During a date, the time comes for a black man to have The Conversation with his white partner regarding his racial experience.

Consider This

Watch this video to explore the film’s meaning and major themes a bit more. Talking with others about a shared arts experience can enrich our perspectives. Share your thoughts in the comment section, below!

Meet the Filmmaker

What is their why?

“It remains important to me that people experience the film, and all of my work, in whatever way they do and take from it what they will. I made this film to highlight something that I’ve encountered and had to live with, and hope that it allows the audience to see a new perspective and then feel/take from it whatever they do.

People can, and for years have had conversations about race/racial issues and there has been no actual change, growth or true understanding.
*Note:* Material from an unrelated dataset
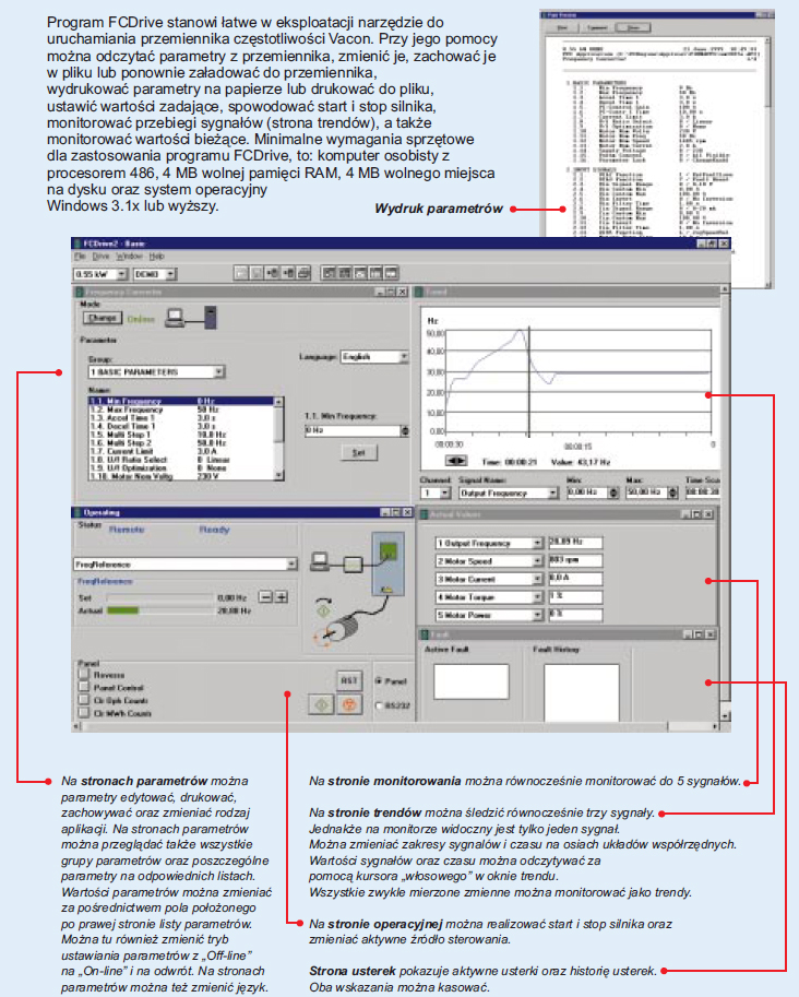 Program FCDrive stanowi łatwe w eksploatacji narzędzie do uruchamiania falownika Vacon. Przy jego pomocy można odczytać parametry z przemiennika, zmienić je, zachować je w pliku lub ponownie załadować do przemiennika, wydrukować parametry na papierze lub drukować do pliku, ustawić wartości zadające, spowodować start i stop silnika, monitorować przebiegi sygnałów (strona trendów), a także monitorować wartości bieżące. Minimalne wymagania sprzętowe dla zastosowania programu FCDrive, to: komputer osobisty z procesorem 486, 4 MB wolnej pamięci RAM, 4 MB wolnego miejsca na dysku oraz system operacyjny Windows 3.1x lub wyższy.
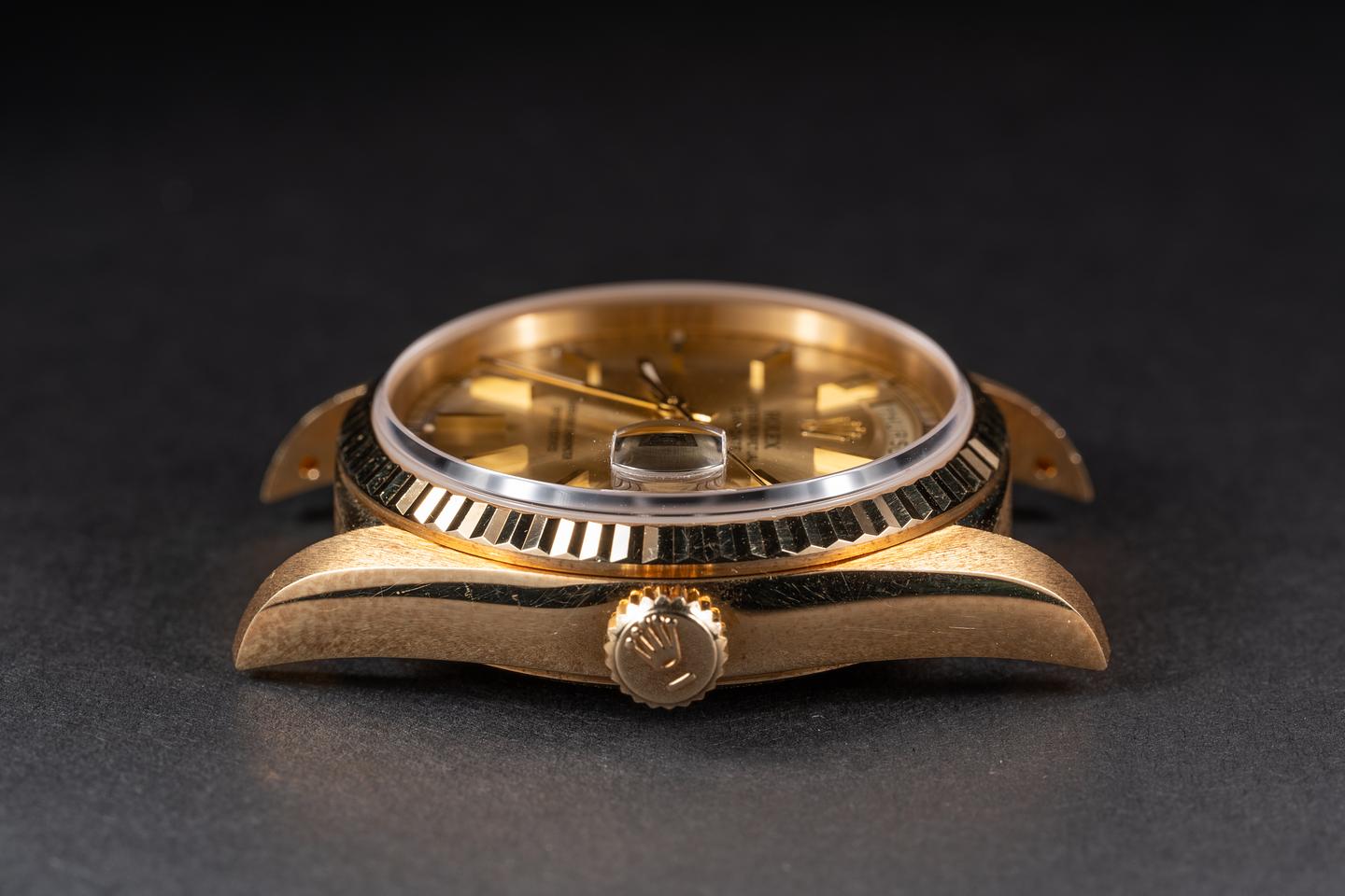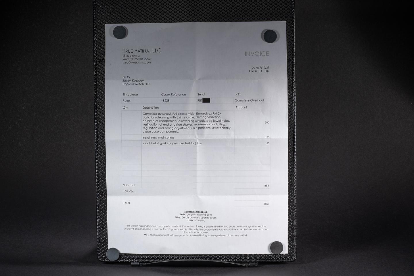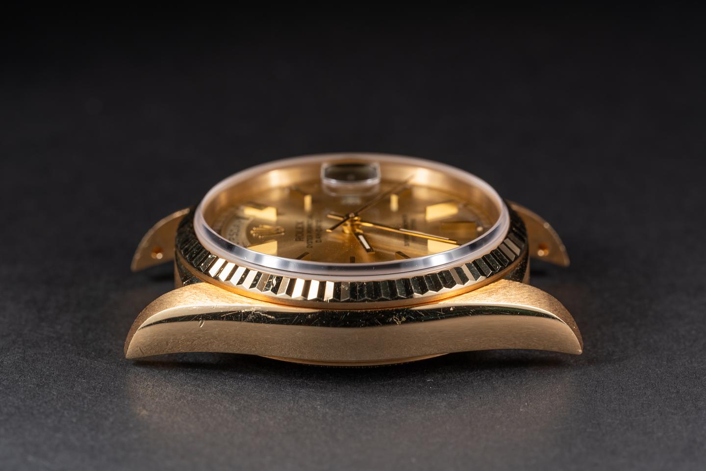 Bracelet: The 23 link 18K yellow gold President bracelet is excellent showing a warm rosy patina that matches the rest of the watch perfectly and only very light stretch for its age. The clasp is stamped with a matching 1988 date code.

I think there’s something about the qualities people bring to these conversations that is the ‘thing’. Perhaps I’d like the film to shine a light on that? Perhaps the film could provide an insight or change in perspective that allows people to enter these conversations with other qualities, to foster a more fruitful outcome for all involved.

In terms of the film’s relation to loneliness/isolation… the film highlights The conversations/experiences Black people go through can sometimes feel relentless, never-ending and indeed isolating.”

Lanre Malaolu is a director, choreographer and performance artist interested in developing timely, socially engaged work using a fusion of hip-hop dance, physical theatre and dialogue. His hybrid dance-documentary film THE CIRCLE had its world premiere at Sheffield Doc/Fest and was selected for the Open City Doc fest (Nominated for Best UK short film) & IDFA (Nominated for Best Short Documentary). His first film FIGURE, won multiple awards and screened at festivals around the word including the BAFTA-recognized Aesthetica Film festival. He was the choreographer and performance artist on the British Council film DEAR MR. SHAKESPEARE (Sundance film festival 2017).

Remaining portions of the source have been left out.